┌──
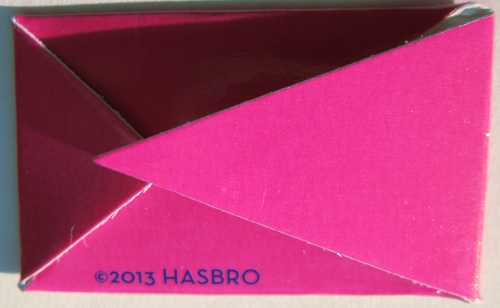 ![]() | Letter: White shiny card stock folded in half, purple script lettering. Attached to a pink piece of cardboard in the accessories tray.
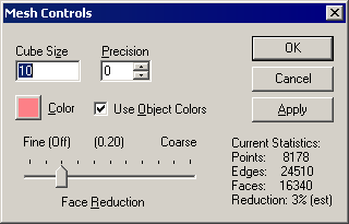 Заключительный этап процесса моделирования – экспорт готового меша в удобочитаемый формат. Для этого надо поэксперементировать с окном Mesh Controls. Cube Size устанавливает размер ячейки. Чем больше это значение, тем более грубым будет результирующий объект. Precision регулирует насколько точно будет происходить обтяжка метаболов полигонами. Опция Use Object Colors позволяет получить разноцветный объект, основанный на цветах отдельных метаболов, но эту возможность имеет смысл использовать только при экспорте в .IOB. Можно оставить опцию Use Object Colors выключенной и в этом случае весь объект будет цвета кнопки Color. Face Reduction слайдер управляет оптимизацией модели посредством уменьшения количества фейсов.
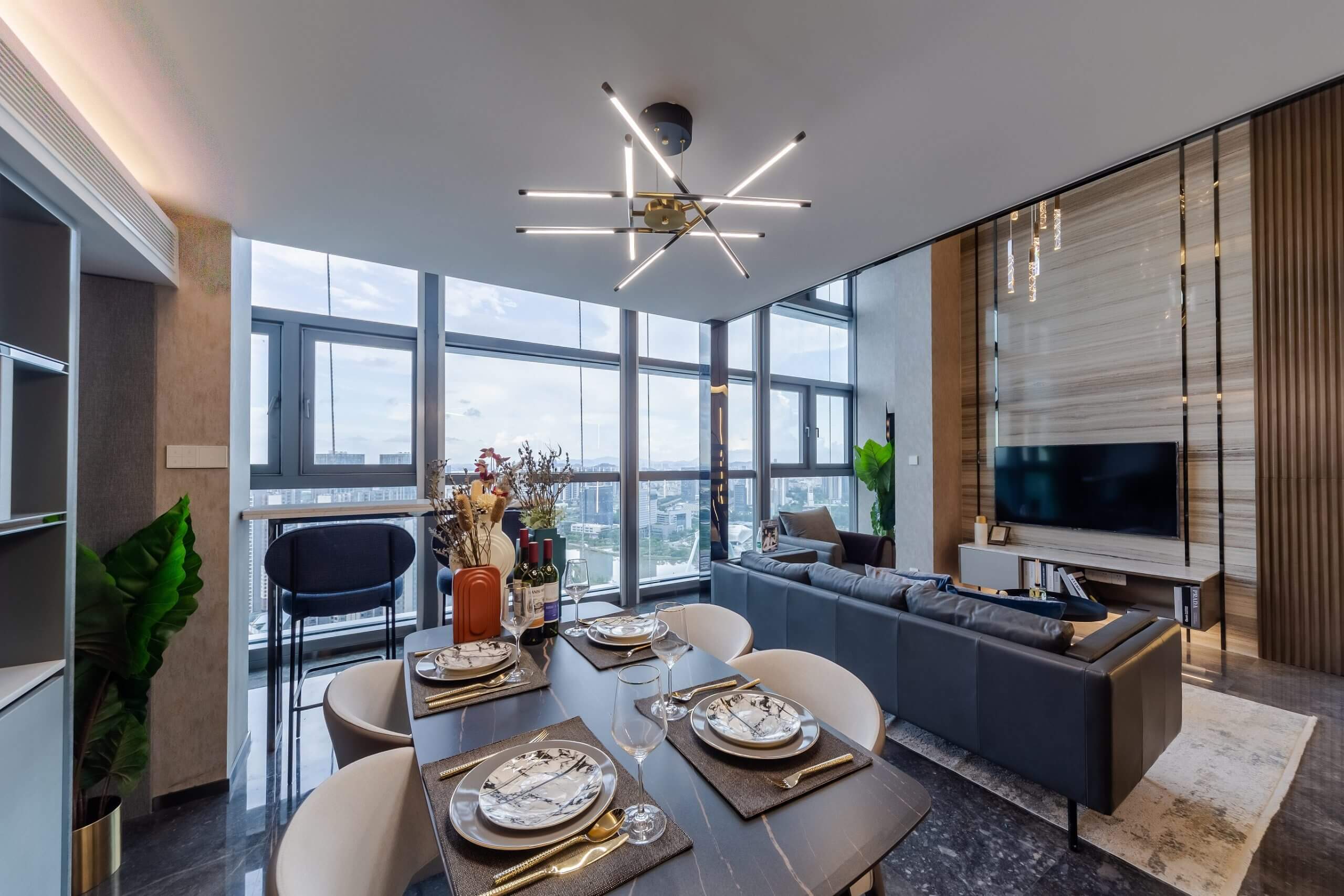 Entering the living room, what you see is a large piece of marble spread on the TV wall, matched with the calm wood, and embellished with steel branches, in contrast to the dark gray marble floor. In order to add a sense of hierarchy to the space, the large-scale furnishings in the house include sofas, coffee tables, dining tables, etc., all in shades, coffee, and tea. The characteristic pendant lamps with geometric lines are hung on the mezzanine ceiling, which is simple and stylish.
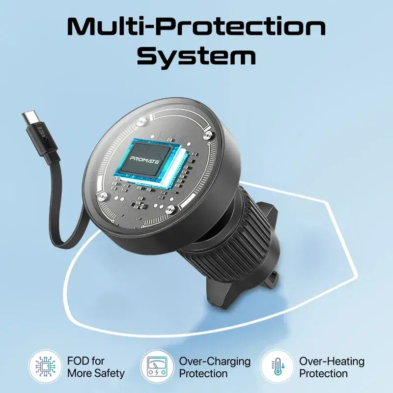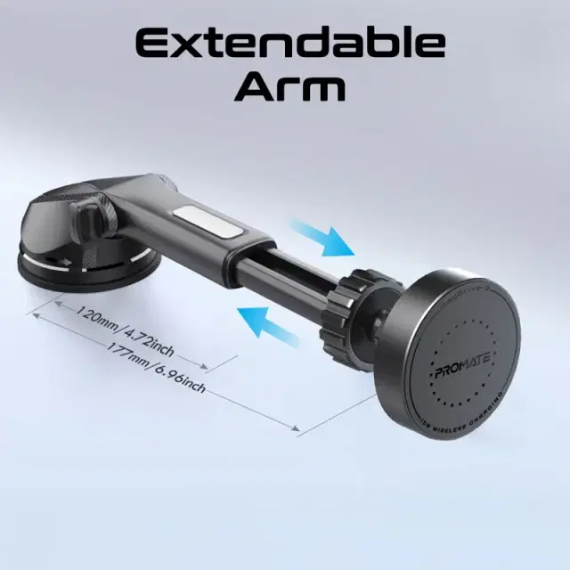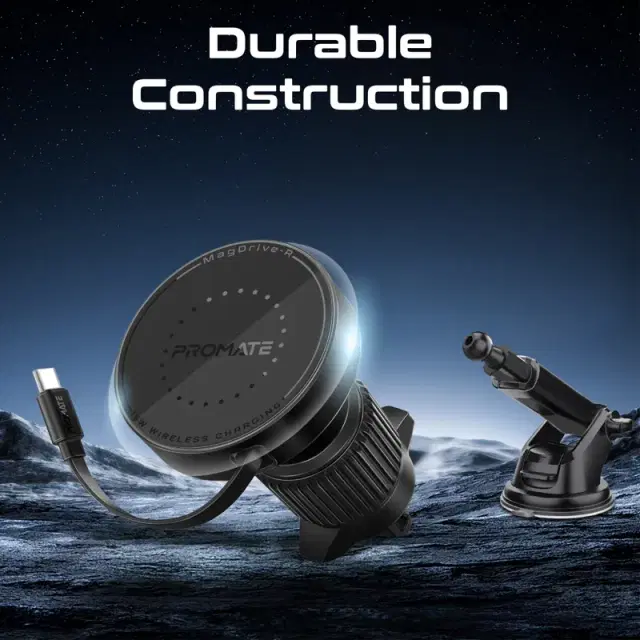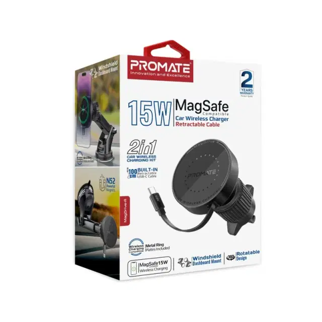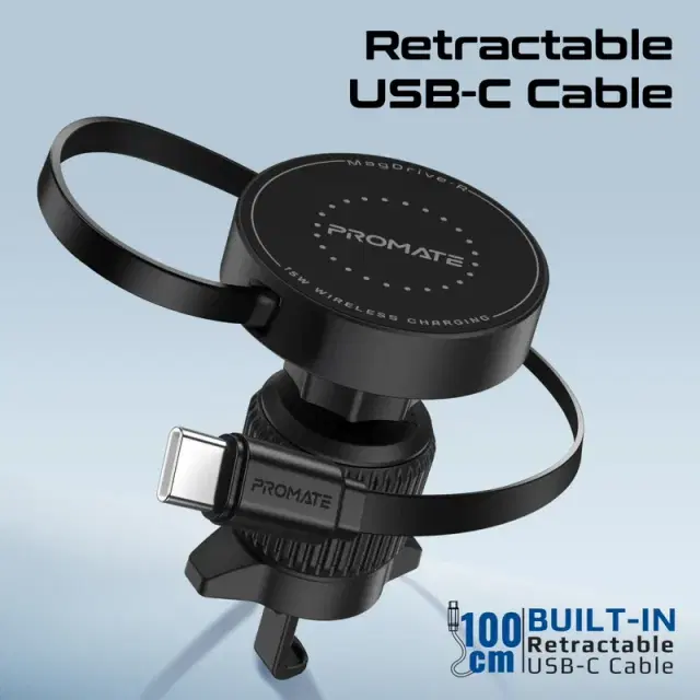 Unleash unprecedented driving convenience with the MagDrive-R, your ultimate 15W MagSafe compatible wireless-charging car mount designed for seamless on-the-go power. Whether mounted on your AC vent, dashboard, or windshield, its retractable USB-C cable can be conveniently adapted to your preferred length, ensuring a neat, clutter-free experience. Featuring quick and secure mounting with N52 rare earth magnets and an innovative anti-shake design, the MagDrive-R promises a steady hold and effortless 360° cradleless rotation for optimal viewing angles. Crafted from durable materials and built with advanced safety features like Foreign Object Detection (FOD), over-charging and over-heating protection, MagDrive-R redefines reliability and performance in wireless in-car charging. Drive with confidence and stay powered up, always.
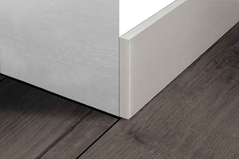 Progress Profiles amplia la gamma di battiscopa presentando un nuovo modello con spigolo vivo e due diverse altezze, disponibile in numerose finiture.
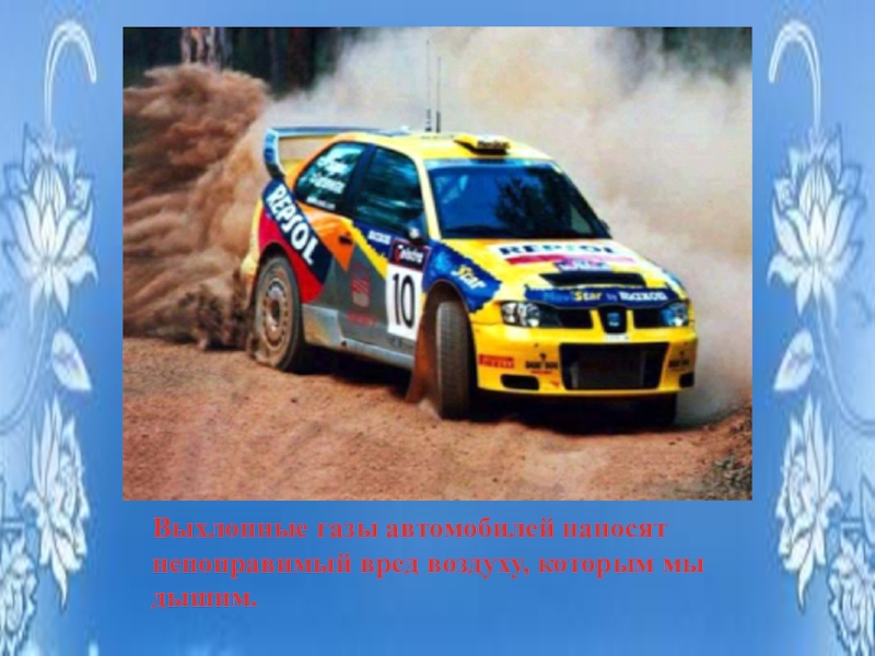 Слайд 28Выхлопные газы автомобилей наносят непоправимый вред воздуху, которым мы дышим.
└──
WHAT YOU ARE ASKED TO DO >>
Give every line above again exactly, omitting whatever pictures appear.

REPLY >>
 ![]() | Letter: White shiny card stock folded in half, purple script lettering. Attached to a pink piece of cardboard in the accessories tray.
 Заключительный этап процесса моделирования – экспорт готового меша в удобочитаемый формат. Для этого надо поэксперементировать с окном Mesh Controls. Cube Size устанавливает размер ячейки. Чем больше это значение, тем более грубым будет результирующий объект. Precision регулирует насколько точно будет происходить обтяжка метаболов полигонами. Опция Use Object Colors позволяет получить разноцветный объект, основанный на цветах отдельных метаболов, но эту возможность имеет смысл использовать только при экспорте в .IOB. Можно оставить опцию Use Object Colors выключенной и в этом случае весь объект будет цвета кнопки Color. Face Reduction слайдер управляет оптимизацией модели посредством уменьшения количества фейсов.
 Entering the living room, what you see is a large piece of marble spread on the TV wall, matched with the calm wood, and embellished with steel branches, in contrast to the dark gray marble floor. In order to add a sense of hierarchy to the space, the large-scale furnishings in the house include sofas, coffee tables, dining tables, etc., all in shades, coffee, and tea. The characteristic pendant lamps with geometric lines are hung on the mezzanine ceiling, which is simple and stylish.
 Unleash unprecedented driving convenience with the MagDrive-R, your ultimate 15W MagSafe compatible wireless-charging car mount designed for seamless on-the-go power. Whether mounted on your AC vent, dashboard, or windshield, its retractable USB-C cable can be conveniently adapted to your preferred length, ensuring a neat, clutter-free experience. Featuring quick and secure mounting with N52 rare earth magnets and an innovative anti-shake design, the MagDrive-R promises a steady hold and effortless 360° cradleless rotation for optimal viewing angles. Crafted from durable materials and built with advanced safety features like Foreign Object Detection (FOD), over-charging and over-heating protection, MagDrive-R redefines reliability and performance in wireless in-car charging. Drive with confidence and stay powered up, always.
 Progress Profiles amplia la gamma di battiscopa presentando un nuovo modello con spigolo vivo e due diverse altezze, disponibile in numerose finiture.
 Слайд 28Выхлопные газы автомобилей наносят непоправимый вред воздуху, которым мы дышим.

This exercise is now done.